Intestinal histochemistry
Eighteen hours after allergen-challenged or saline treatment mid-jejunal tissues were removed and whole mounted with pins and fixed in paraformaldehyde for 20 min at ~150% of resting tissue length and ~250% of resting tissue diameter. After fixing, the tissues were stripped of their mucosa, and histochemistry was performed on the muscularis [
38]. The intestinal tissues were incubated for 24 h at 4°C with either ED9 or CD18 primary antibody (Cedarlane, Hornby, ON) at a 1:100 dilution) followed by three 5-min washes in PBS. The tissues were then incubated with a labeled secondary antibody (goat anti-mouse coupled to biotin) at 4°C overnight. After washing 3 times for 5 min with PBS buffer, avidin coupled horseradish peroxidase was added for 30 min at room temperature. Following further washes diaminobenzadine (DAB – Peroxidase Substrate Kit; Vector Laboratories, Burlingame, CA) was added until desired staining was attained.

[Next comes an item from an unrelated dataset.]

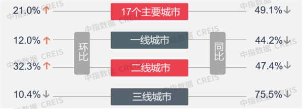 二线代表城市环比上升32.3%,同比下降47.4%。环比上升的城市中,苏州升幅显著,为67.4%;福州次之,升幅为53.4%;武汉升幅为51.2%,位居第三。重点监测的城市中,南京环比降幅较大,为20.8%。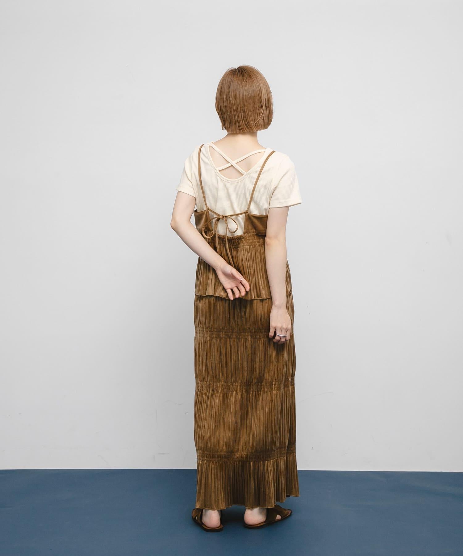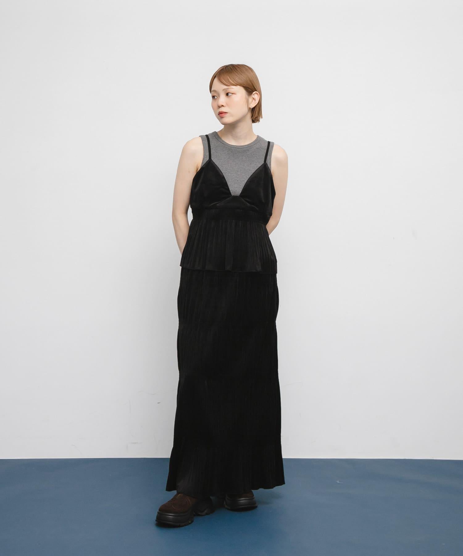 百褶拼接連衣裙

The intestinal tissues were then dry mounted on chrom alum-coated slides, cover slipped and viewed at ×200 magnification. Counting was performed blind and the number of labeled cells determined in four random fields of each specimen.

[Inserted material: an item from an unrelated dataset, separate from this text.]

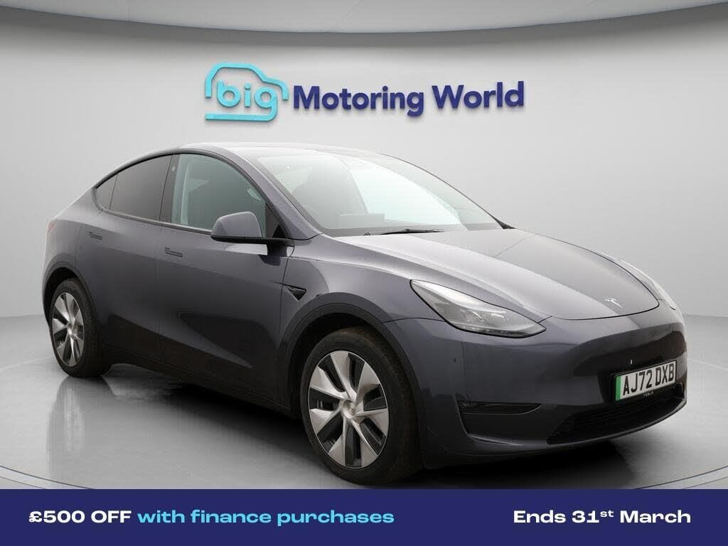 £500 towards your finance depo-Our Tesla Model Y is finished in Grey. Specification includes a range of fantastic features including £500 towards your finance deposit, All Wheel Drive, Heated Seats, Wireless Phone Charging, Rear View Camera, Heated Rear Seats, Heated Steering Wheel, Bluetooth, Blind Spot Assist, Ambient Lighting Specification information is supplied by CAPHPI and may vary to the actual car. This data does not form any part of a buying contact. Please check specification prior to purchase in-store. The MOT is valid until December 2026, visit bigmotoringworld.co.uk for more photos, a 360 tour, service history and a free HPI report.Were BIG on peace of mind and this Grey Tesla Model Y has completed our comprehensive 200 point inspection and passed all checks. Its ready for you to drive away with immediate collection in-store. We include a 90-day warranty as standard plus an option to extend for up to 3 years.Reserve this car exclusively for you, safely and securely at bigmotoringworld.co.uk, with a fully refundable £99 deposit. Test drive before you buy, with no commitment, no hassle and a completely haggle free experience. Still searching and want to see thousands more cars? We are BIG on choice with over 8000 cars to choose from.Visit our award winning web site bigmotoringworld.co.uk.Were Big Motoring World and were BIG on what matters to you.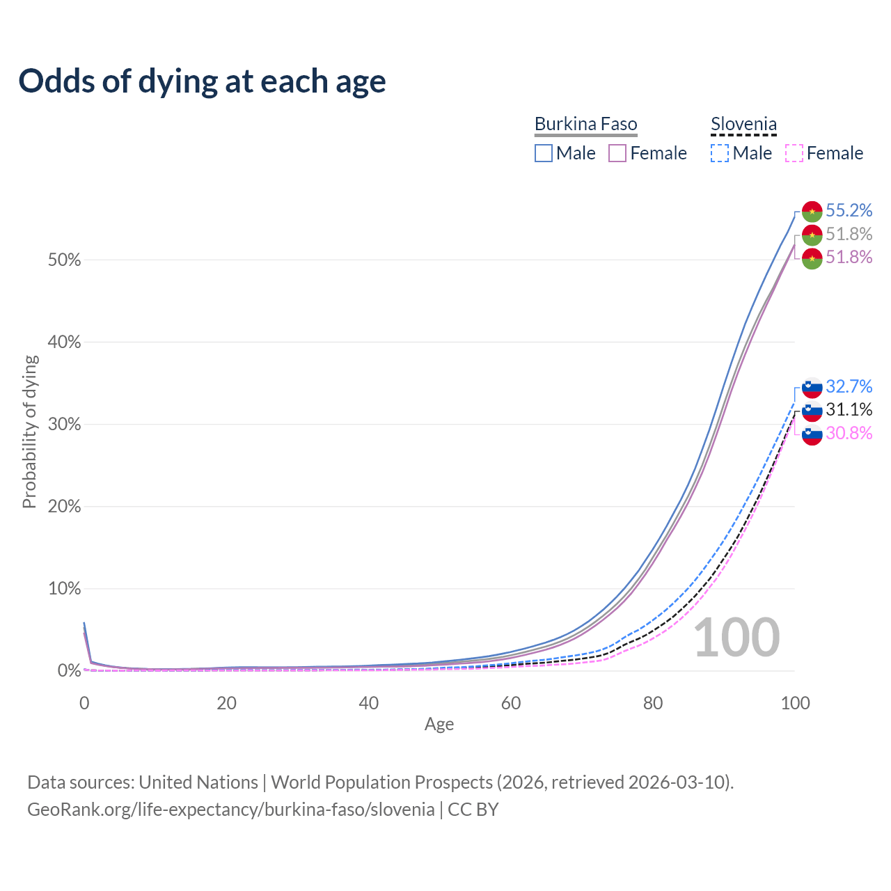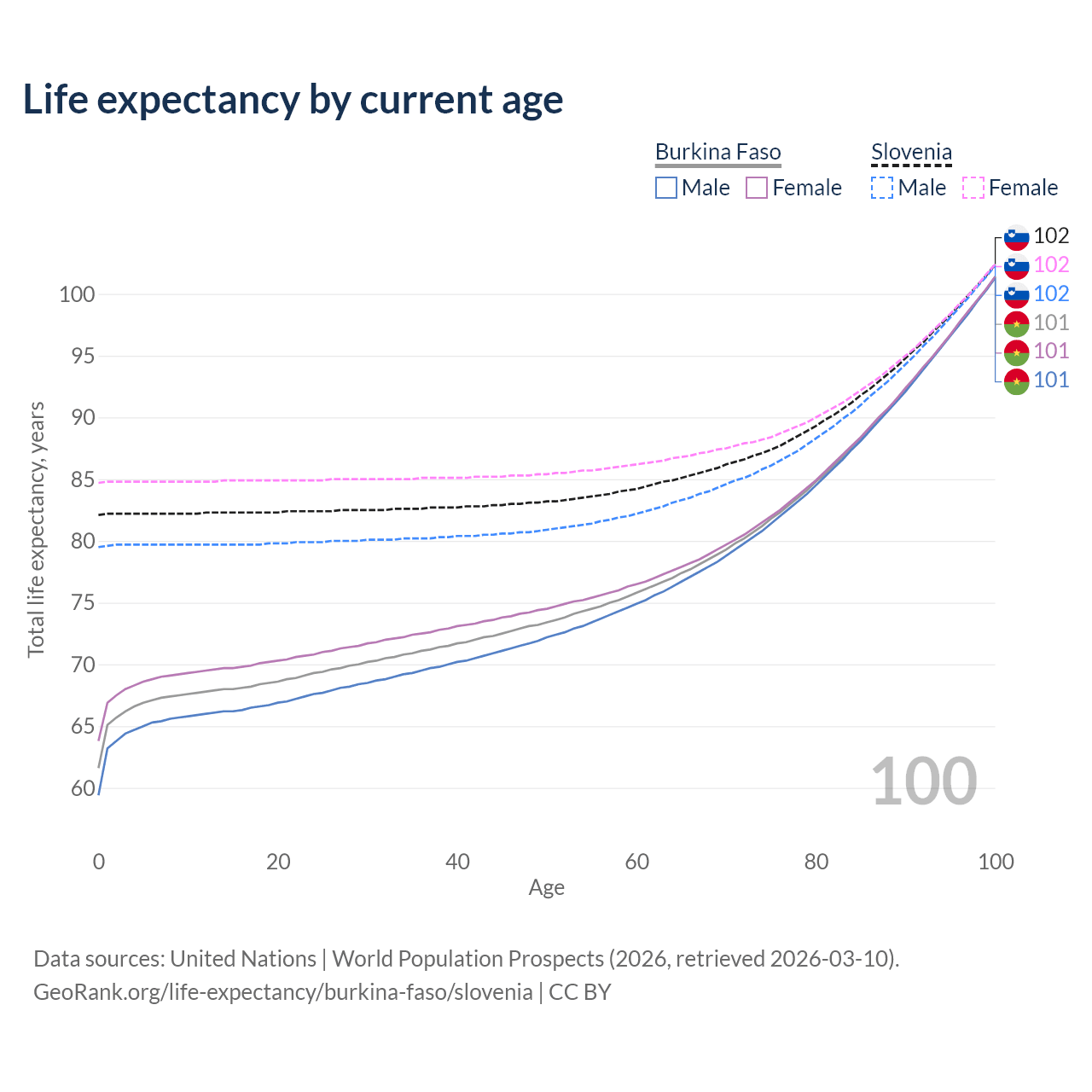 This life expectancy calculator shows the odds of living to 100, 95, 90, and below based on current age for both males and females in Burkina Faso and Slovenia, along with mean and median age of death. The calculations are based on the 2026 life tables (actuarial tables) from the UN World Population Prospects.

Leukocyte preparation and use
Blood was collected by cardiac puncture into a 10 mL syringe from rats anesthetized with halothane. The blood was diluted with approximately 30 mL of PMN buffer (PBS buffer without calcium) in a 50 mL polypropylene centrifuge tube, and spun at 300 g for 15 min at 20°C. After the buffer was carefully decanted from the pellet, the red blood cells were lysed (0.15 M NH4Cl) for 3 min at room temperature. After a second spin at 200 g for 10 min at 20°C, the supernatant was discarded and the pellet washed with PMN buffer and spun again 200 g for 10 min at 20°C. The supernatant was then discarded and the cells resuspended in 1 mL of PMN buffer, and total cell number determined using Trypan Blue exclusion on a hemocytometer. Cell differentials were determined on cell smears stained with May-Grünwald-Giemsa stain. Lymphocytes were 68.7% of the circulating white blood cells, neutrophils accounted for 20.4% and monocytes were 11.0%.

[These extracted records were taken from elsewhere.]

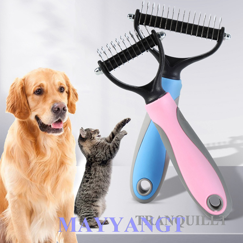 Dog With Undercoat Rake Dog Combing Large Small Dogs Cats And Rabbits Rake Comb Double Row Hair Removal Brush Puppy Hair Brush Not Pointed Steel Pin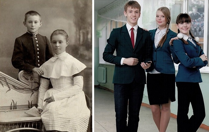 Октябрьская революция совершила переворот не только на Государственном уровне. Глобальные перемены свершились и в системе образования. Вчерашние «кухаркины» дети сели за парты учиться. Естественно, у всех учеников не было материальных возможностей на приобретение специальных нарядов.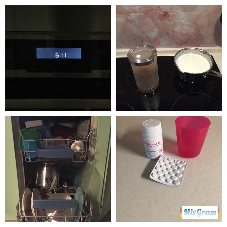 Мой день начинается раньше, чем у остальных домочадцев. Сегодня это 6.10, иду на кухню варить кашу. На тощак выпиваю стакан воды и свои витамины. Пока каша варится разгружаю посудомойку
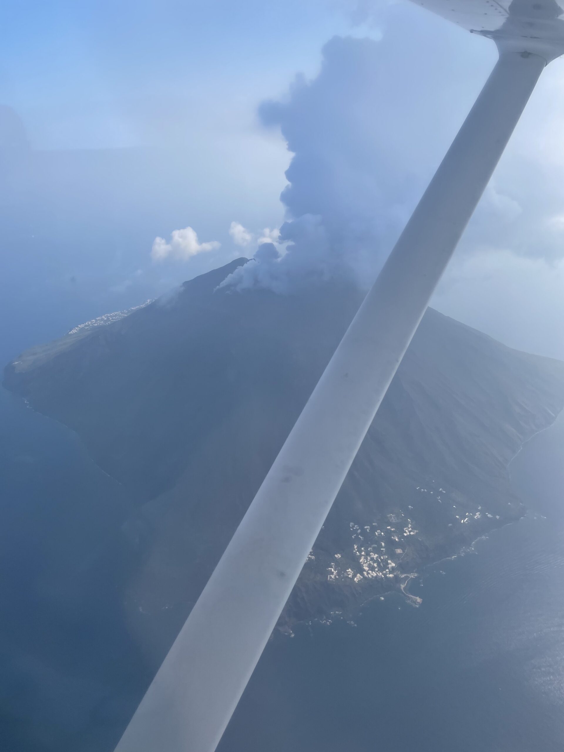 Bis Sizilien lief alles so, wie wir es geplant hatten. Das Wetter spielte „fast“ immer mit und der Wettergott war auf unserer Seite. Den Ätna hat er uns verweigert, dafür den Stromboli für kurze Zeit der Sicht preisgegen. Was für ein grandioser Anblick. Über die Liparischen Inseln führt uns die Route nach Scalea an der Westküste Italiens südl. Neapels. Die einzige Möglichkeit weit und breit Avgas zu bekommen. Dort gelandet checken wir wieder das Wetter und damit scheidet Dubrovik als unser nächstes Tagesziel aus. „Thunderstorm and Rain“ und damit für uns nicht fliegbar. Nach kurzem Studium der Karte ist unsere Wahl getroffen, wir fliegen nach Elba. Eine gute Wahl, denn der Flug führt uns an Capri und Ischia vorbei. Wie als hätte ein Riese Steinbrocken ins Meer geworfen liegen die Inseln im Sonnenschein unter uns. Man kann nur schwer den Blick abwenden, so schön sieht es aus. Der Flug ist angenehm, aber auch lange und belohnt werden wir durch einen grandiosen Anflug Elbas direkt über eine herrliche Bucht. Nach der Landung noch etwas Paperwork und dann erstmal ein wohlverdientes kaltes „Birra Moretti“.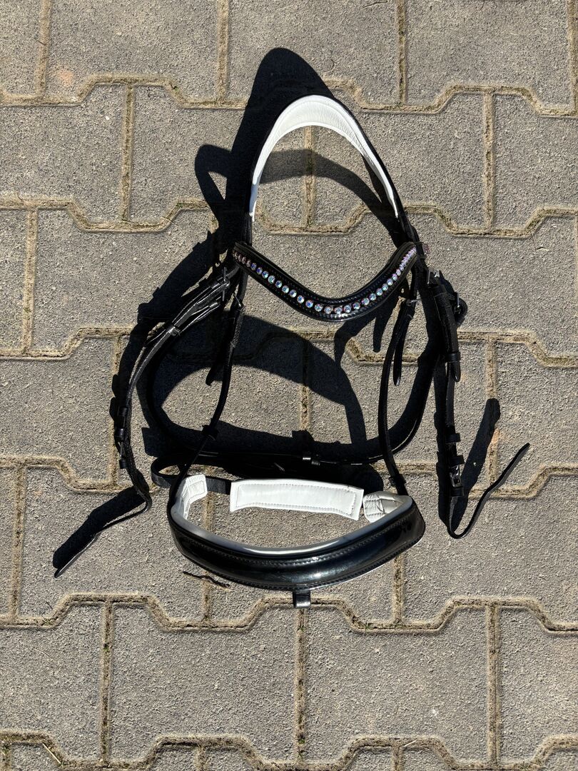 CLAIRDIGE HOUSE Snaffle Vernon - Sprzedaję moją rzadko używaną uzdę z CLAIRDIGE House. W komplecie lejce i paski sznurkowe Rozmiar:COB Kolor czarny Możliwa wysyłka za pobraniem!

To isolate peritoneal leukocytes 10 mL of 0.9% sterile saline was injected intraperitoneally into halothane anesthetized rats and the abdomen massaged gently. After a clean laparotomy the peritoneal fluid (7 to 10 mL) was recovered and placed into a 50 mL polypropylene tube and diluted to 30 mL with PMN buffer. The cells were then prepared as described for blood leukocytes. Of the peritoneal cells 21.5% were neutrophils and 46.5% were macrophages.
Statistical analysis
Results were expressed as mean ± SEM and n is the number of animals. Statistical significance of differences between means was determined at p < 0.05, using, where appropriate, one-way analysis of variance (ANOVA) with the Student t-test applied for comparison of differences between two means.
Authors' contributions
Turesin F participated in the design of the study, managed the animals and carried out the cell counts and myeloperoxidase measurements. Sadr A performed the vascular permeability experiments. Davison JS participated in study design. Ronald Mathison conceived the study, participated in its coordination and drafted the manuscript. All authors read and approved the manuscript.